Massive ad fraud network that leveraged Kovter shut down and eight hackers apprehended

• The ad fraud network compromised IP addresses in North America and Europe.
• Operators had divided 3ve’s operation into three subgroups - 3ve.1, 3ve.2, 3ve.3.

In a major law enforcement crackdown, the FBI has dismantled a massive online advertising scam network that resulted in the loss of over $36 million. Dubbed ‘3ve’, the fraudulent operation was active since 2014 and saw large-scale expansion in 2017.

At one point of time, the Kovter ad fraud network was discovered to have have compromised IP addresses across North America and Europe. At its peak, the 3ve operation controlled over one million IPs.

According to a DOJ indictment and a white paper published by Google and White Ops, the fraud ad campaign was operated by eight suspects. The campaign thrived on malware infections, Border Gateway Patrol (BGP) hijacking, fake domains and websites. It aimed to generate between $3 to $12 billion every day.

Investigators said that the 3ve operators carried out the operation using three different schemes to generate ad views and clicks. Researchers found that the cybercriminals had divided 3ve’s operation into three subgroups - 3ve.1, 3ve.2, 3ve.3. The group relied on a combination of data centers and botnets to avoid detection and drive false traffic to their malicious webpages.

About the three subgroups

3ve.1 also called as MethBot, Miuref or the Boaxxe, was powered by a network of bots. The scheme targeted a few data centers located across the US and Europe. Boaxxe botnet and BGP hijacking were primarily used in this model to obtain proxy IP addresses and later load desired websites on them.

This enabled the crooks to make money by running fake ad requests in European and US data centers. According to the FBI, more than 1,900 servers, housed in commercial data centers, were used to host the MethBot/, Miuref/Boaxxe bots, that would load one of 5,000 fake websites.

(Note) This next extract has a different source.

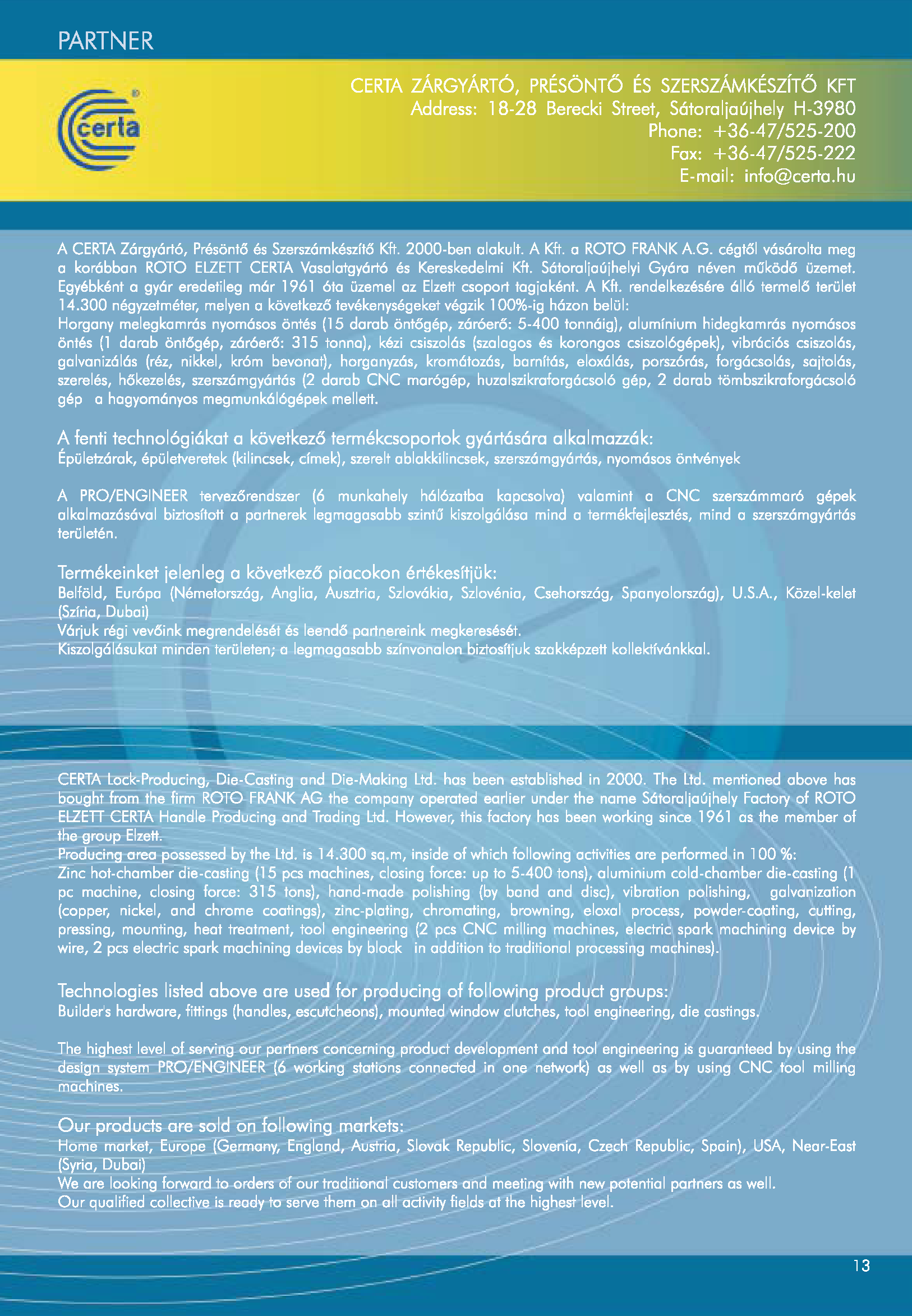 CERTA Zárgyártó, Présöntő és Szerszámkészítő Kft.

The 3ve.2 scheme also used counterfeit domains to sell fake ads. However, unlike 3ve.1, which relies on botnets, 3ve.2 used a custom-built browsing engine that installed the Kovter botnet. Google found that the Kovter botnet was deployed on approximately 700,000 computers, generating profits similar to the 3ve.1 campaign.

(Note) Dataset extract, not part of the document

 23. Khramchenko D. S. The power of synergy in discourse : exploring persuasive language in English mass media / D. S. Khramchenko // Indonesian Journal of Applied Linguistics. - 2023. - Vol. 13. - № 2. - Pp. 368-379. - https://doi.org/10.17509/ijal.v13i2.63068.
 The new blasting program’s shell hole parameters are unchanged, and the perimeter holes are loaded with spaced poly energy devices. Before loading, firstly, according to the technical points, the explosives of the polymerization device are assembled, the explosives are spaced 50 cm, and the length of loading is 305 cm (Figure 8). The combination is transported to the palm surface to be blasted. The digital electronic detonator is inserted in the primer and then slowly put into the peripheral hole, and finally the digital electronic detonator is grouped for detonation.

Meanwhile, the 3ve.3 scheme used data center-based bots to commit ad fraud efficiently. The cybercriminals operating the ad fraud network allegedly generated $7 million using the 3ve.1 scheme, between September 2014 and December 2016. The second, 3ve.2 made $29 million between December 2015 and October 2018.

The eight suspects arrested by the FBI are Aleksandr Zhukov, Boris Timokhin, Mikhail Andreev, Denis Avdeev, Dmitry Novikov, Sergey Ovsyannikov, Aleksandr Isaev, and Yevgeniy Timchenko. They have face several charges, including wire fraud, computer intrusion, aggravated theft and money laundering.

Besides arresting the culprits, the FBI has also seized 31 domains and information from 89 servers that were part of the 3ve operation.